Experimental Evaluation
The authors benchmark STRAND on three publicly available CRISPR‑Perturb‑Seq datasets: K562 (myeloid leukemia), Jurkat (T‑cell leukemia), and RPE1 (retinal pigment epithelium). They assess performance under several regimes: (i) low‑sample settings (≤10 cells per perturbation), (ii) unseen‑gene generalization, and (iii) cross‑cell‑type transfer. Key metrics include AUROC for discriminating perturbed vs. control cells, average rank on unseen‑gene benchmarks, and Pearson correlation between predicted and observed gene‑level expression changes.
- Low‑sample regime: STRAND improves AUROC by up to 33 % relative to gene‑level baselines, demonstrating that sequence conditioning supplies strong inductive bias when data are scarce.
- Unseen‑gene generalization: When evaluating on guides targeting genes never seen during training, STRAND achieves the best average rank across all three cell lines, indicating that the model captures generic regulatory principles rather than memorizing gene‑specific effects.

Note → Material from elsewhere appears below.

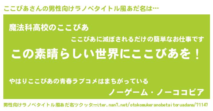 | 意味不明あだ名 | 『住所不定無職ここびあ(59歳)』 |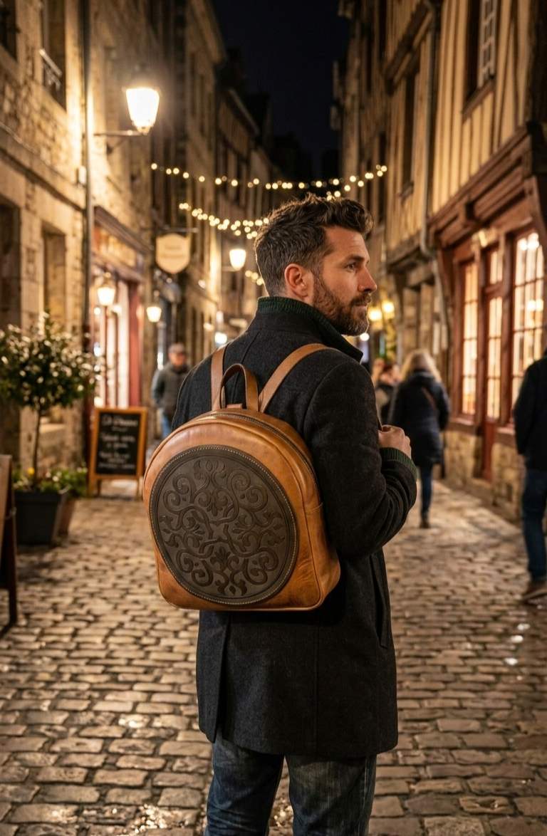 100% All by hand, made to order! A creation made of Spanish cowhide 🙂 Design: 1 compartment, 2 flat pockets, pull-tab, 2 handles, detachable shoulder strap.

- Cross‑cell‑type transfer: Training on K562 and testing on Jurkat or RPE1 yields a Pearson correlation gain of up to 0.14, showing that the sequence‑conditioned transport learns representations that are transferable across cellular contexts.
Ablation Studies
Removing the sequence encoder (replacing it with a one‑hot gene ID) or substituting the conditional flow with a simple deterministic mapper both cause substantial performance drops (average AUROC loss ≈20 %). This isolates the contribution of each component: the sequence embedding provides locus‑specific information, while the transport mechanism captures the stochastic mapping from control to perturbed states.
Case Studies
The authors examine genes with multiple functional TSSs, such as MYC and CDKN1A. STRAND distinguishes guide RNAs targeting different TSSs, predicting divergent downstream transcriptional programs. Gene‑level models, by contrast, collapse these guides into a single effect and miss the nuanced differences. Visualization of latent trajectories further illustrates how the conditional flow reshapes the control manifold differently depending on the targeted regulatory element.
Implications and Future Directions
STRAND expands the effective genomic coverage of single‑cell perturbation models from roughly 1.5 % (the fraction of genes represented in gene‑level models) to about 95 % of the genome, because any locus with a known sequence can be encoded. This opens the door to systematic functional interrogation of non‑coding regions, rare variants, and novel CRISPR designs without requiring explicit training data for each site. Potential applications include: (a) prioritizing therapeutic CRISPR targets in non‑coding disease‑associated loci, (b) guiding the design of multiplexed perturbation screens that exploit alternative promoters, and (c) integrating additional modalities (e.g., ATAC‑seq, Hi‑C) to refine the sequence embedding.
The paper suggests several avenues for extension: incorporating longer genomic contexts (tens of kilobases) to capture distal enhancers, using multimodal encoders that fuse epigenomic signals, or adopting reinforcement‑learning‑based flow policies that can be optimized for specific downstream objectives (e.g., maximal phenotypic shift). Overall, STRAND represents a significant methodological advance that bridges the gap between sequence‑level regulatory information and single‑cell phenotypic prediction, offering a versatile platform for next‑generation functional genomics.